STRING - more than one protein
In this section we are going to look at how we can use STRING to find connections between three proteins:
- INSR
- IRS1
- AKT1
Now, I know that these three proteins are involved in insulin signalling and that INSR (the insulin receptor) and IRS1 (insulin receptor substrate 1) directly interact and that between IRS1 and AKT1 that are a number of other proteins.
So, let's see what we can find...
We will now return to the STRING site and input the three proteins.
- Go to STRING - https://string-db.org
- Click on 'Multiple proteins' in the menu on the left.
- In the box provided enter INSR, IRS1, AKT1 on sperate lines (i.e. hit the return key after each protein name) - your page should look like the image below.
Multi-protein search in STRING
- Click on the "SEARCH" button.
You should now be looking at a list of organisms.
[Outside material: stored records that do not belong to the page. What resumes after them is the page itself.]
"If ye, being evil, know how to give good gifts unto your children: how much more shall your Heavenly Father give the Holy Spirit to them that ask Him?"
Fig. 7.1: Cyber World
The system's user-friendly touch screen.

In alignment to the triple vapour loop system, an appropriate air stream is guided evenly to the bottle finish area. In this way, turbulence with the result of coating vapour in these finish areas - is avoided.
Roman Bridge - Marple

Make sure that human is selected.
- Click on "CONTINUE"
You should now have a page open that lists the three proteins INSR, IRS1, and AKT1.
- Make sure that the correct protein is selected in each section.
- Click on "CONTINUE"
The INSR, IRS1, and AKT1 protein information network
Remember: This is a network of information. It is not a network of protein-protein interactions. In fact, the figure below shows the network of interactions with the three proteins surrounded by green-dotted boxes. As you can see, INRS and IRS1 do directly interact, but between IRS1 and AKT (also known as PKB), there is PI3K and PDK.
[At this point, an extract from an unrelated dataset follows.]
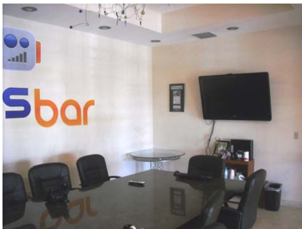
Conference Room Second Floor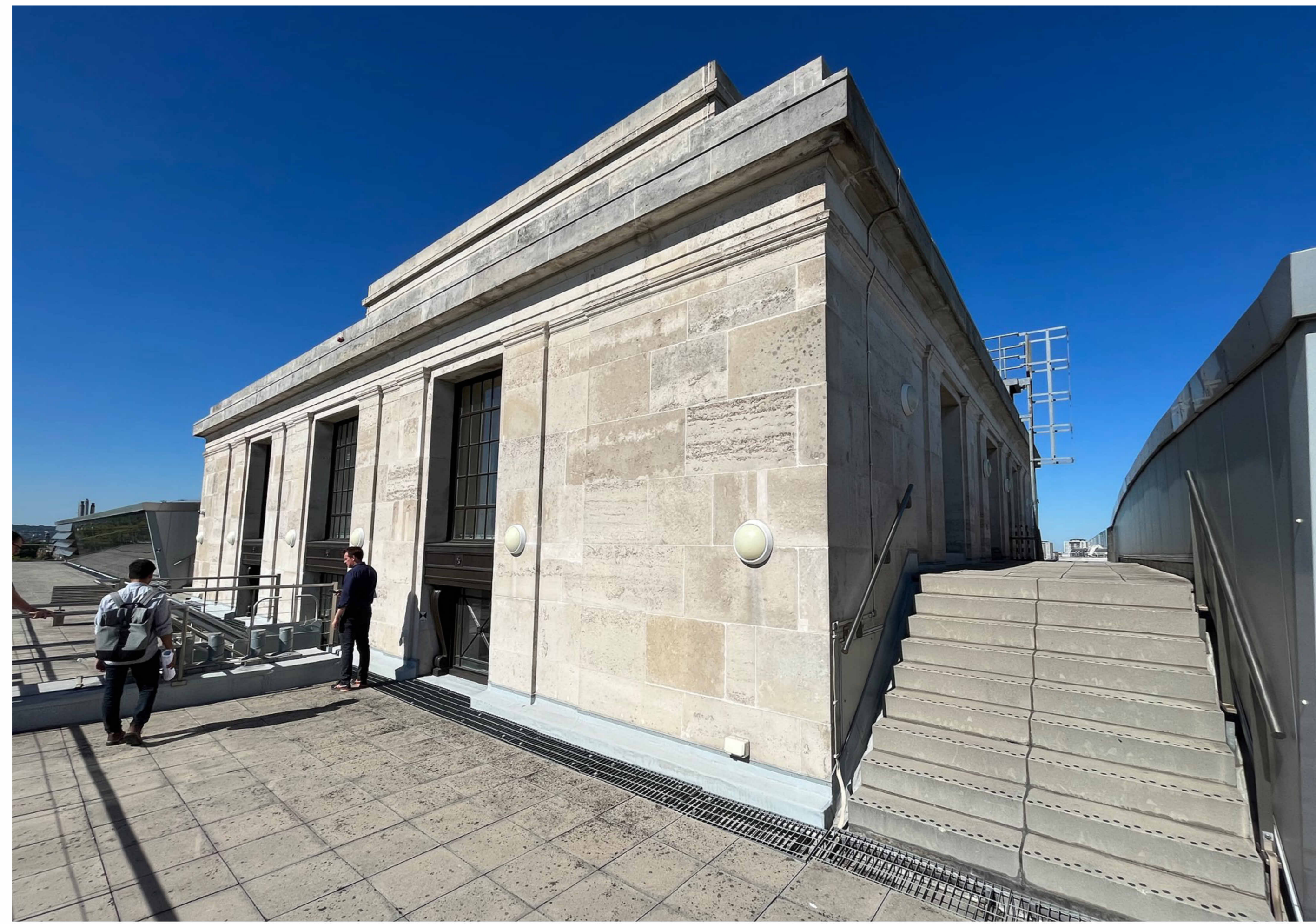
EXISTING PHOTOGRAPH OF BLOOMSBURY SQUARE SIDE OF THE BUILDING. ALL NEW LIGHTS WILL BE AT THE SAME HEIGHT AS EXISTING.

The insulin signalling pathway
- Click on the lines between INSR and IRS.
You should now see some information on INSR and IRS. Take some time to explore the links and the associated data.
Data network associated with INSR and IRS1
- Click on the lines between IRS and AKT.
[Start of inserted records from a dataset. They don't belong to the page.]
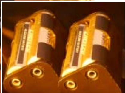
AAA BATTERY PACKS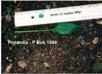
Registered Leaf Photo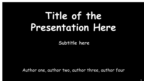
(c) An example of a participant-requested version of the title slide that uses Comic Sans font family, white text, a black background, and a higher minimum font size.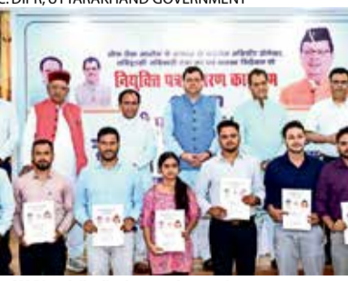
>> CM Dhami distributing appointment letters

the neck of the cheating mafia? I knew an attempt would be made to intimidate us after we decided to act against the mafia involved in the paper leak. I would like to know in whose government's tenure the accused were sent to jail," Dhami said. CM Dhami further said, "It will also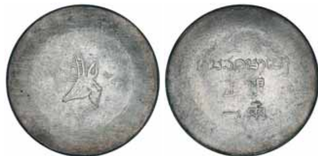
3011* Indo China or Burma , silver tael, c.1943, possibly made in Hanoi, obv. in Burmese and Chinese, 'genuine silver one tael', rev. stag head in linear circle, (37.21 g) (KM.A3 [French Indo China, p.748], Kann 939). Worn, good fine.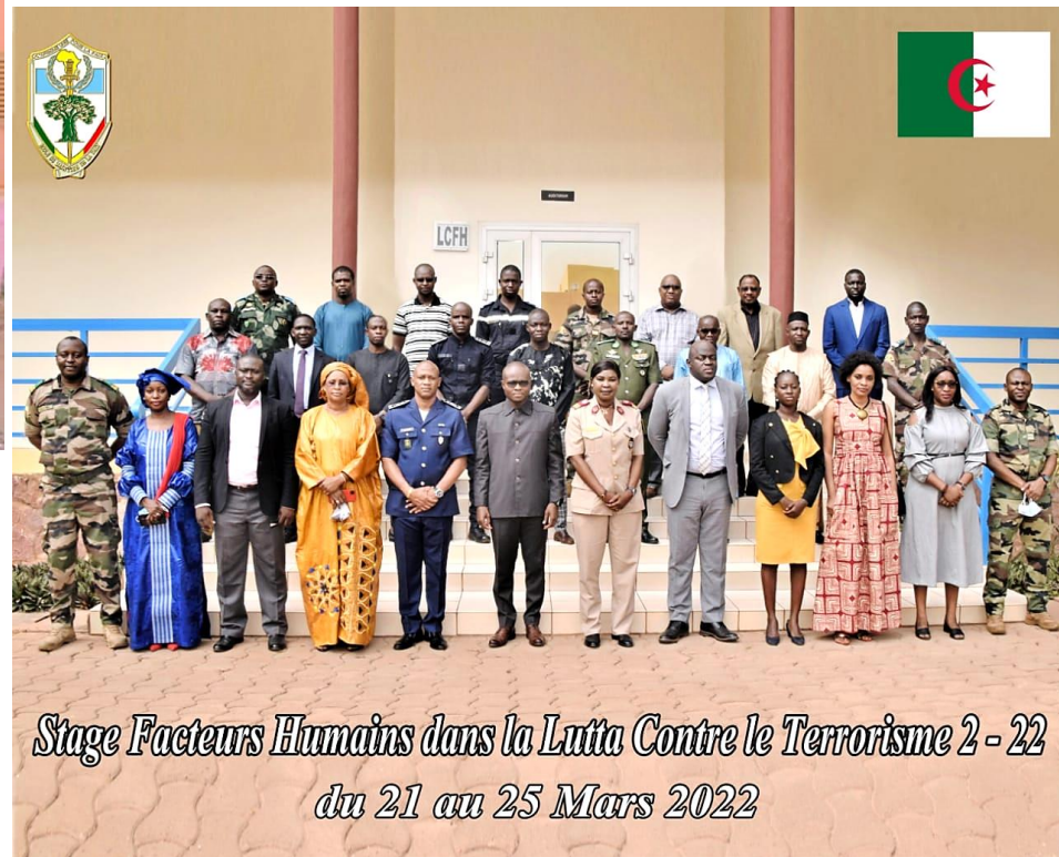
Human Factors in the Fight against Terrorism March 21 – 25, 2022

Again, take some time to explore the links and associated data.
- Click on the "Analysis" button and examine the data.
You should have discovered from the associated data that the three proteins are connected and that they are all involved in insulin signalling.
Once you have finished exploring the data return to STRING -
https://string-db.org and repeat the above process, but this time using the following proteins:
- INSR
- IRS1
- AKT1
- GFAP
If you have entered things correctly then the result should look like this:
What do you think about the 'information' network? Does anything strike you as odd?
INSR, IRS1, AKT1 and GFAP information network
Take some time to explore the data associated with the information network. Specifically, don't forget to:
- Look at the Analysis data
- Explore the analysis data and look at the 'count in gene set'
- Click on the link between GFAP and AKT1
- Expand the network by clicking on 'More'
What do you think? Is GFAP a member of the INSR, IRS1, and AKT1 'club'?
If you look at the data, it is hard to see a link between INSR, IRS1 and AKT1, and GFAP. GFAP seems to stick out from the network. It only links to AKT1. There is a possible link with 'GO:0008284 positive regulation of cell proliferation', but it is not a great link. If you go 'More' and expand the network, then GFAP looks even more isolated. Looking at the 'Co-Mentioned in
PubMed Abstracts' between GFAP and AKT1 doesn't produce any evidence of interaction (compare it to the
PubMed data for the other proteins).
Hence, I would say that GFAP is an outlier of the dataset. And to do the above without using STRING would take many many hours of
PubMed searches and trawling through all the different databases.
In this section, we have seen how STRING can be used to look at the information network between a number of proteins.
STRING is very useful for quickly finding information and connections between proteins and will be a very useful tool for exploring connections between any proteins of interest you discover in the assessment.